> **PROVIDED ENTRIES**
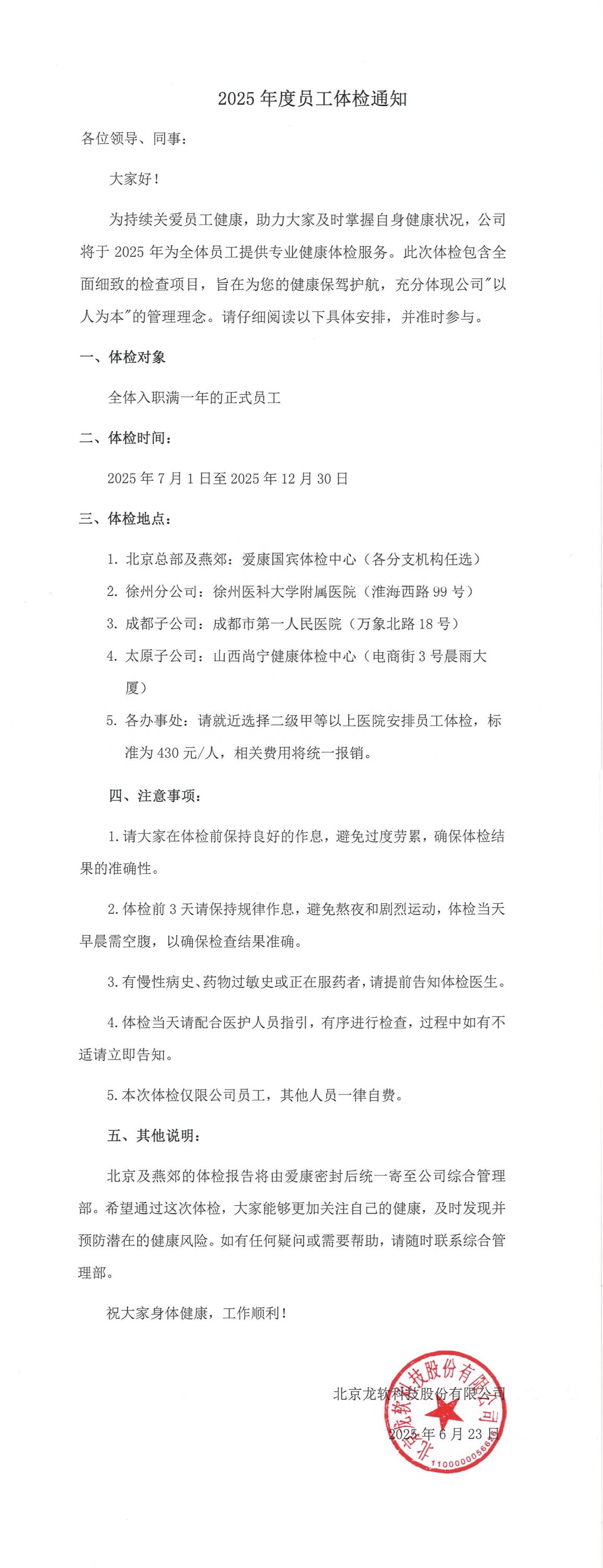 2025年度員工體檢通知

==

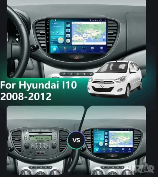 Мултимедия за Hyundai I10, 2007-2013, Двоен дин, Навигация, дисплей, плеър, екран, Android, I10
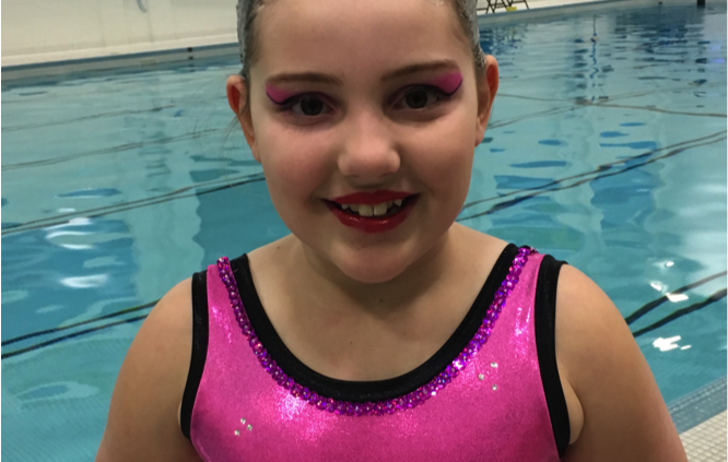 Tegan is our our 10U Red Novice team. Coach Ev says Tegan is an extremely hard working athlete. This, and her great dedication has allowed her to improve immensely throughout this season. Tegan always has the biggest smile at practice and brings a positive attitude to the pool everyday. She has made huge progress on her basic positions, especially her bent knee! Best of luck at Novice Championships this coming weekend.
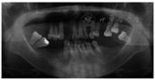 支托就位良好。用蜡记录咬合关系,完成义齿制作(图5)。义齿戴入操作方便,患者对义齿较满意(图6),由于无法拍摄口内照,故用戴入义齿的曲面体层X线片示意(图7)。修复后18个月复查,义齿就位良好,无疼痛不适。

> **AIM OF THE EXERCISE**
What are the lines above from the one with "Tegan is our" to the one with "支托就位良好。用蜡记录咬合关", both included? Reproduce them exactly, without pictures.

> **ANSWER TO THIS EXERCISE**
 Tegan is our our 10U Red Novice team. Coach Ev says Tegan is an extremely hard working athlete. This, and her great dedication has allowed her to improve immensely throughout this season. Tegan always has the biggest smile at practice and brings a positive attitude to the pool everyday. She has made huge progress on her basic positions, especially her bent knee! Best of luck at Novice Championships this coming weekend.
 支托就位良好。用蜡记录咬合关系,完成义齿制作(图5)。义齿戴入操作方便,患者对义齿较满意(图6),由于无法拍摄口内照,故用戴入义齿的曲面体层X线片示意(图7)。修复后18个月复查,义齿就位良好,无疼痛不适。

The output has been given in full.